I'm trying to set up a basic pipeline to take a PDF, OCR it, and return a searchable PDF with Azure prebuilt-read under the v4.0 API. I'm sure ten thousand people have done this before, right?!
I can't get Azure to process anything more than the smallest PDFs. For example, I have a 12.1 MiB PDF of business documents (US Letter size; about 100 pages; no more than 5000x5000 pixels per page) that Azure DI refuses to read. "InvalidContentLength - The input image is too large. Refer to documentation for the maximum file size." I am on S0; my documents are far under the maximum size.
First, I tried submitting files with REST. It got above 10 MB or so and complained that the file was too big. So the Internet told me that I had to set up an unneeded Blob Storage instance and pass a URL from there. OK, fine, so I did that and started submitting a urlsource instead. Same error.

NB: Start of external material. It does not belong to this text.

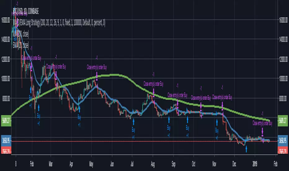 Depending on whether the market is above or below the 200 SMA, the script determines if the market is in bullish or bearish territory. Above the 200 SMA, the script will ignore the 20 EMA as a buy condition and buy solely on the confirmation of a bullish MACD cross upon the close of a candle. In this bullish market, the script will only enable the sell condition if both the MACD is bearish AND a close below the 20 EMA occurs. This is to reduce the chances of the script selling prematurely in the event of a bearish MACD cross, if the market is still in overall bullish territory.

Even in the online Document Intelligence Studio OCR/Read, my document uploads fine (or accepts my Blob Storage URL), even shows a correct preview window where I can scroll through the document, but I get the exact same !!@#$!@ error when I "Run analysis." Even if I ask it only to analyze one page. "InvalidContentLength"
I am on the paid version which is supposed to support 500 MB PDFs.
I am so, so incredibly frustrated. This error message is not helpful! The documentation says it should work fine!
I would think that there would be an easy template or complete how-to document for something so simple.